More surreal than anything else.
Well, surreal and awesome.
It’s both obvious and weird that it’s Sev. Obvious because he’s easily my most popular and asked-about character, and he has a rank in the Heresy that deserves some time on the tabletop. Weird because authors don’t always write what they love; sometimes they write what they have ideas for at any given time. I occasionally joke about not liking him the way Paul Sheldon doesn’t like Misery Chastain. That’s not true but the analogy always tickles me, and there’s at least a thread-thin sliver of truth there. I like that people like him. That matters more, sometimes, especially when you’re trying to tell people a story.

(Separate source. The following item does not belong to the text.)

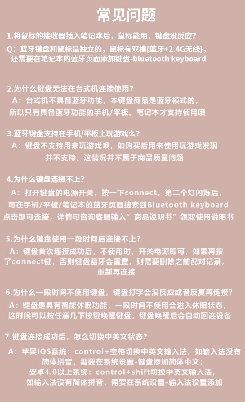 | [pink with charging cable] bluetooth keyboard + dual-mode mouse(【粉色送充电线】蓝牙键盘+双模鼠标) | USD $7.46 | 999999 piece available |

But I digress. There’s gushing to be done.
Dat mini, tho.
People will ask if he matches what’s in my head, and I’ll say no – because that’s the truth. He looks waaaaay better for a start, and secondly, as I’ve mentioned before, I don’t really have concrete and definite pictures in my head for every detail of a character’s appearance. When I see artwork or modelled incarnations of my characters, I do the same thing I do when I’m writing them: I look for the 3-4 key details and the overall vibe. Talos isn’t a clear, definite image in my mind: he’s a vague aura of characteristics and details, like the runic faceplate; the exposed cables of Mark V armour; the broken Aquila on his chestplate; and the distinctive weapons he stole – all with an aura of melancholic anger and optimistic self-delusion, which is the core of his personality to me.
Capture a handful of key details and the overall vibe, and I’m sold. That’s how it always is with the many models and pieces of artwork I get sent, depicting my characters. That’s how it is with my novel covers, too.
So… what about Sevatar?
It’s impossible to overstate just how rad and fucking brutal Sev looks in his tabletop incarnation. Alan Bligh and John French gave him awesome, characterful rules, and Forge World’s Steve Whitehead has floored me with this resin-born slice of wickedness.

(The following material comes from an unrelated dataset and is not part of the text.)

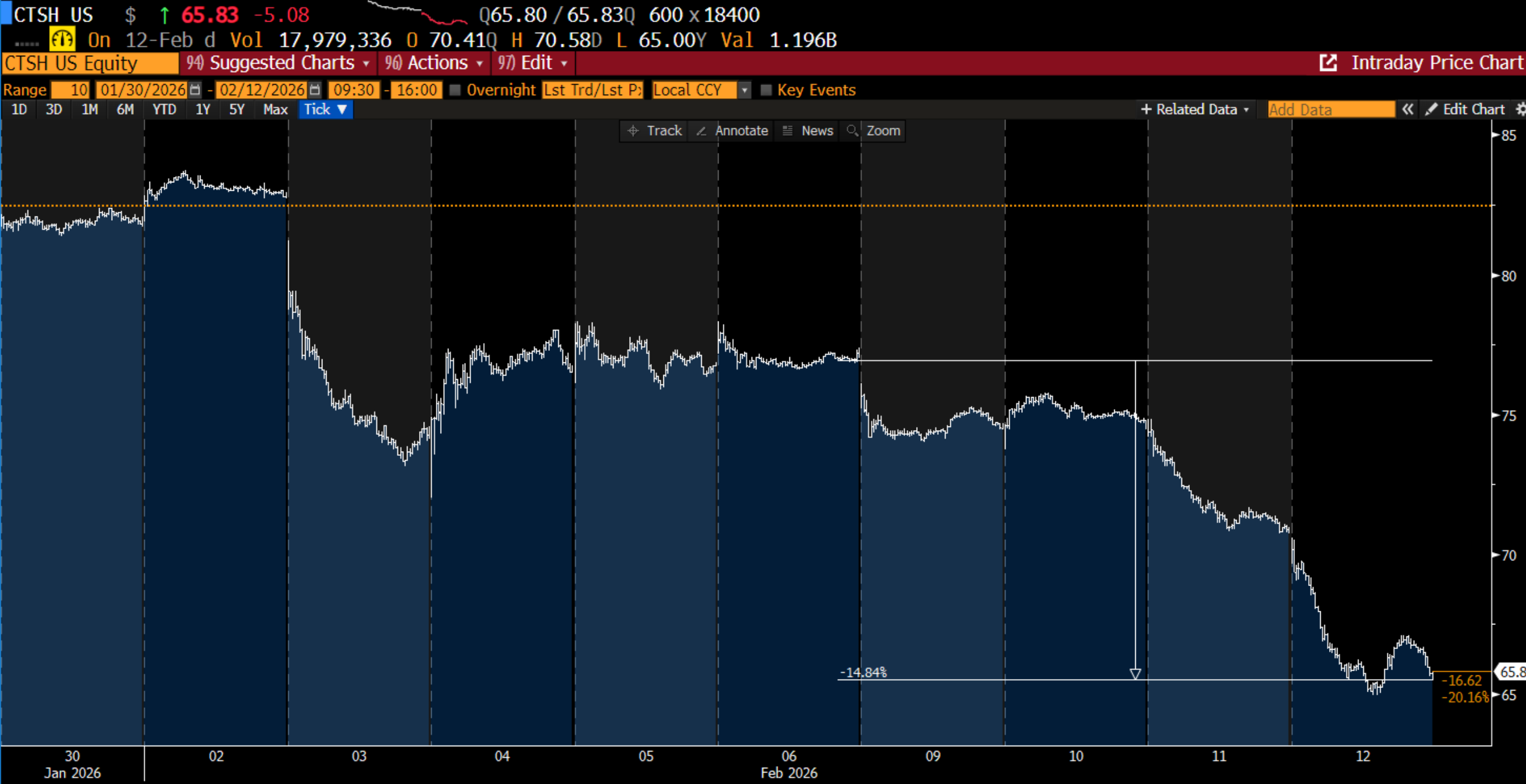 Even in this mess, one trade is working exactly as expected: AI is eating white-collar services.

What can I even say, really? He looks perfect. The model speaks for itself.
(Also, I maximum adore the bareheaded Ravenloft look he’s got going on here, and in his HH book artwork.)

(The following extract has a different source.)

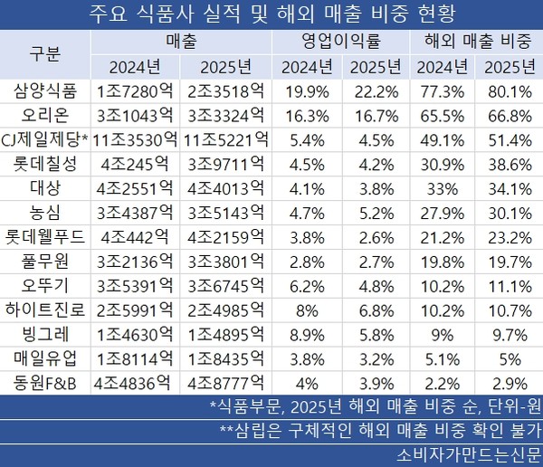 매출 1조 원 이상 식품사 중 지난해 해외 매출 비중이 가장 높은 곳은 삼양식품(대표 김정수·김동찬)으로 80% 이상을 해외에서 벌었다. 삼양식품의 영업이익률은 이들 식품사 중 유일하게 22% 이상을 기록했다. 해외 매출 비중이 67%인 오리온(대표 이승준) 역시 영업이익률이 16.7%에 달한다.

That is some true badassery! It will quickly find it’s way to my collection but will inevitably not be painted to such a standard.
Ordered!
Beautiful model for one of 30k’s best and IMHO most enjoyable actors.
Write more about him – do it. DO IT, yeah baby. Right there, do it.
… Waits for Corswain. Now if we can just get AD-B to admit that Sev is master of the Eighth Grey Knight company…
He is freaking gorgeous.
I really like the model, almost as much as I love the character. The problem is that I’m not really sold on the chainglave. For me it’s like sticking spikes on chaos for the sake of sticking spikes on chaos, and in this case the spikes get in the way of the most vicious part of the weapon
Specially like the Dark Angel trophy 🙂
But his face is maybe too, I don’t know, Kharn-ish?